> _DESCRIPTION OF THE TASK_: Everything from the line containing "Metal 28″x20″ |" to the last line of the material below must be retyped exactly, both ends included; skip the pictures.

> _DATA EXTRACT_:
BEGIN

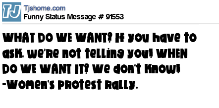 X WHAT DO WE WANT? If you have to ask, we're not telling you! WHEN DO WE WANT IT? We don't know! -Women's protest rally.
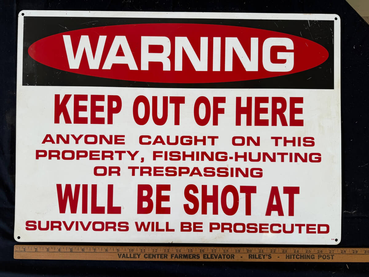 | 39 | Double Sided Warning Keep Out of Here Metal 28″x20″ |
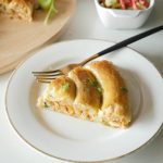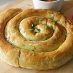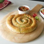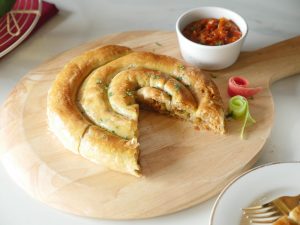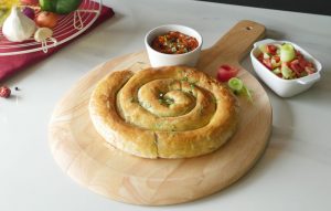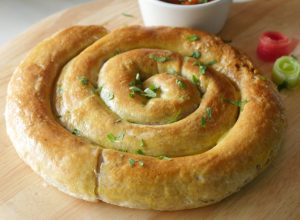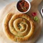 Grease baking tray with melted butter,make a spiral shape of rolled paratha & join both rolled parathas together,pinch and seal the end tightly and fold underneath and apply melted butter with the help of the brush.

END

> _TASK SOLUTION_:
 | 39 | Double Sided Warning Keep Out of Here Metal 28″x20″ |
 Grease baking tray with melted butter,make a spiral shape of rolled paratha & join both rolled parathas together,pinch and seal the end tightly and fold underneath and apply melted butter with the help of the brush.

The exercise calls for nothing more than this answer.